Старый Ламбе гладил волосы жены сухой ладонью и тихонько, неслышно вздыхал
* * *
В Леррене стояла духота. В бледно-синем, словно выцветшем небе не было ни единого облачка, и солнце раскаленным шаром висело, царило над горизонтом, заливая город потоками горячих лучей. Каменная мостовая в центре, казалось, вот-вот расплавится от зноя, и странно было думать, что еще только конец апреля; что же будет в июне? Южное лето когда щедро и ласково, а когда и безжалостно – например, если ни разу не бывает дождя.
В полдень на улицах не видно ни души. Даже ко всему привычные городские кошки попрятались в подворотнях в скудной тени. Собаки, вывалив языки, разморенно лежали под деревьями, ленясь даже лаять. Да и на кого лаять? Редко-редко пробежит в лавочку служанка, когда-никогда мальчишка-подмастерье просверкает пятками, торопясь с поручением. Королевские гонцы разве что… но этим жара не жара, холод не холод – у них служба такая. Вот мучаются-то, бедолаги, сдержанно сетовали горожане, глядя на несущихся во весь опор всадников на взмыленных лошадях. А бывало, и не жалели, говоря: сами себе такую жизнь выбрали.
Ближе к центру Леррена, конечно, зелени больше и тень погуще. Улицы уже не узенькие, так что не протиснуться – нет, даже две кареты и те разъедутся. Короткими перебежками, от тенечка к тенечку там пройти можно. Хотя тоже – кому ходить? Ну, ладно, дворяне, которые на государевой службе, к обеду домой заторопятся… верхом или в каретах, в которых и зной не так донимает. Ну, слуга с поручением… А кто свободен от тягот и хлопот, те только к вечеру покажутся, когда жара спадет, или вовсе уедут из города – кто в летнее поместье, кто в провинцию. Нынче, бывает, в провинции-то и спокойнее…
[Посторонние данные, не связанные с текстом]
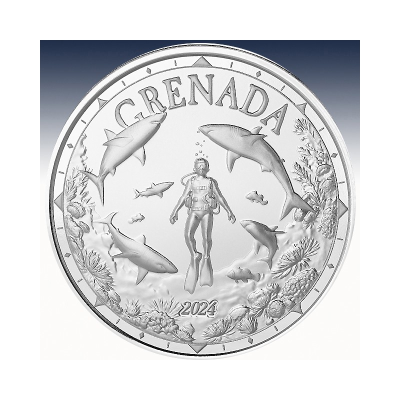 1 x 1 Unze (oz) Silbermünze 2$ Grenada "6# Shark Diver 2024"
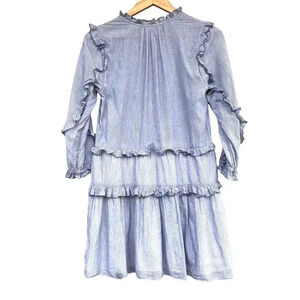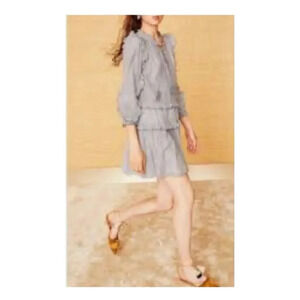 Ulla Johnson Essie Dress Gris/Grey Ruffled Lace-Up Tassels Hand-Stitching. Size 2

В воскресенье, конечно, народу побольше. Кто из церкви, кто в гости… ближе к закату парочки выходят – пройтись по набережной Тирны, платье новое показать, на девушек посмотреть… Но опять же – жара нынче такая, что и парочки подкосила. Раньше, чем сядет солнце, народ на улицы и не показывается.
Вот, например, этот долговязый малый куда в воскресенье идет и зачем? Жара, Страстная неделя началась, а он идет. Одет не Бог весть как, но пристойно – не то приказчик из лавки, не то писарь в мелкой конторе. Шаг спокойный, размеренный – значит, не так уж торопится, значит, не по срочному делу. Куда направляется, видно, знает – головой по сторонам не вертит… так, оглянется пару раз, точно давно здесь не был и новому удивляется. Но не из этих кварталов, точно. И куда понесла его нелегкая в такую жару?
Упитанная, но кудлатая шавка из дома купца третьей гильдии господина Терки проводила прохожего взглядом, подумала лениво, гавкнуть ли, поднялась… и улеглась на место. Ну его, жарко.
Долговязый свернул в переулок, ведущий от набережной к церкви, вытер лоб, вздохнул. Жарко.
Сегодня утром он приехал в Леррен, и пока все складывалось хорошо. В гостинице «Три петуха» комната нашлась сразу, и завтрак принесли наверх, и воды горячей удалось добыть. За день, проведенный в дороге, одежда пропиталась потом, лицо стало серым от дорожной пыли. Он уехал из поместья ван Эйрека рано утром, по прохладе (относительной, конечно) и рассчитывал добраться до столицы до закрытия Ворот.
– Не задерживайтесь в Леррене, Патрик, – попросил его Лестин при прощании, – там сейчас неспокойно. Помните про запрет на публичные гуляния, обходите людные места. Вас, как ни сильно вы изменились, можно узнать в лицо.
– Я буду осторожен, – серьезно пообещал Патрик. – Но вряд ли меня станут искать в обличье мещанина или чиновника. Не волнуйтесь, Лестин, со мной ничего не случится.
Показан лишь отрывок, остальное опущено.